== Assigned task ==
Strip out the pictures and output each remaining line of the data word for word.

Excerpts from a dataset
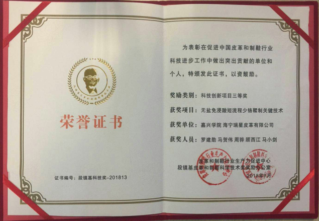 2018年9月27日,中国皮革和制鞋行业生产力促进中心等单位在河北辛集举办了“中国皮革业发展论坛暨全国轻机标委会皮革机械分委会工作会议”。会上对本年度“段镇基皮革和制鞋科学技术奖”进行了颁奖。其中我院轻化工程系罗建勋老师主持完成并产业化的科研项目“无盐免浸酸短流程少铬鞣制关键技术”荣获“科技创新项目三等奖”。
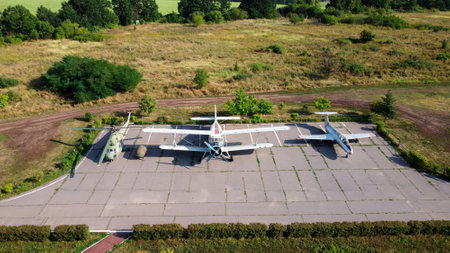 Old soviet aircraft and helicopter parked on exhibition area in open air museum. Abandoned military aircrafts. Drone view photo. Kharkov, Ukraine - August 23. 2021
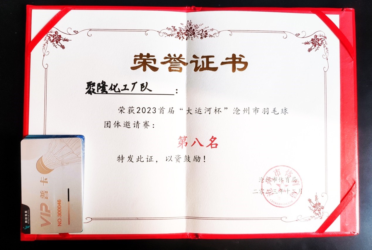 12月16日,滄州市首屆“大運河杯”職工羽毛球比賽混合團體賽圓滿落下帷幕,聚隆化工羽毛球隊頑強拚搏、發揮出色,展現出較高的競技水平,最終獲得混合團體賽第八名的好成績。
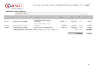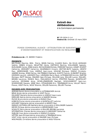 Le présent rapport a pour objet de proposer à la Commission permanente d'approuver l'attribution de subventions d'investissement au titre du Fonds Communal Alsace (FCA), pour un montant total de 1 146 242 €, ainsi que de modifier le règlements de ce fonds.
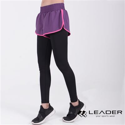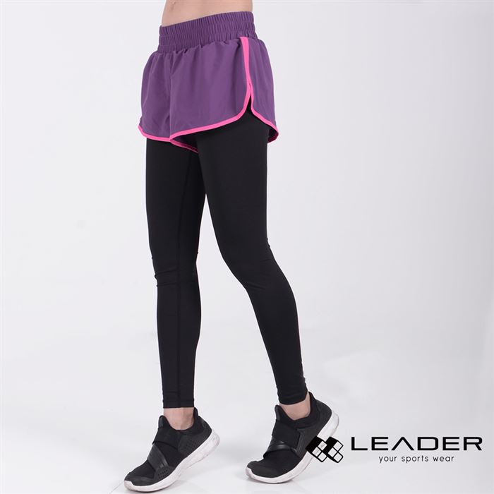 | 商品名稱 | 【Leader X】DS-20假兩件 透氣彈性運動長褲 女款(紫底桃邊S) |

== Exercise answer ==
 2018年9月27日,中国皮革和制鞋行业生产力促进中心等单位在河北辛集举办了“中国皮革业发展论坛暨全国轻机标委会皮革机械分委会工作会议”。会上对本年度“段镇基皮革和制鞋科学技术奖”进行了颁奖。其中我院轻化工程系罗建勋老师主持完成并产业化的科研项目“无盐免浸酸短流程少铬鞣制关键技术”荣获“科技创新项目三等奖”。
 Old soviet aircraft and helicopter parked on exhibition area in open air museum. Abandoned military aircrafts. Drone view photo. Kharkov, Ukraine - August 23. 2021
 12月16日,滄州市首屆“大運河杯”職工羽毛球比賽混合團體賽圓滿落下帷幕,聚隆化工羽毛球隊頑強拚搏、發揮出色,展現出較高的競技水平,最終獲得混合團體賽第八名的好成績。
 Le présent rapport a pour objet de proposer à la Commission permanente d'approuver l'attribution de subventions d'investissement au titre du Fonds Communal Alsace (FCA), pour un montant total de 1 146 242 €, ainsi que de modifier le règlements de ce fonds.
 | 商品名稱 | 【Leader X】DS-20假兩件 透氣彈性運動長褲 女款(紫底桃邊S) |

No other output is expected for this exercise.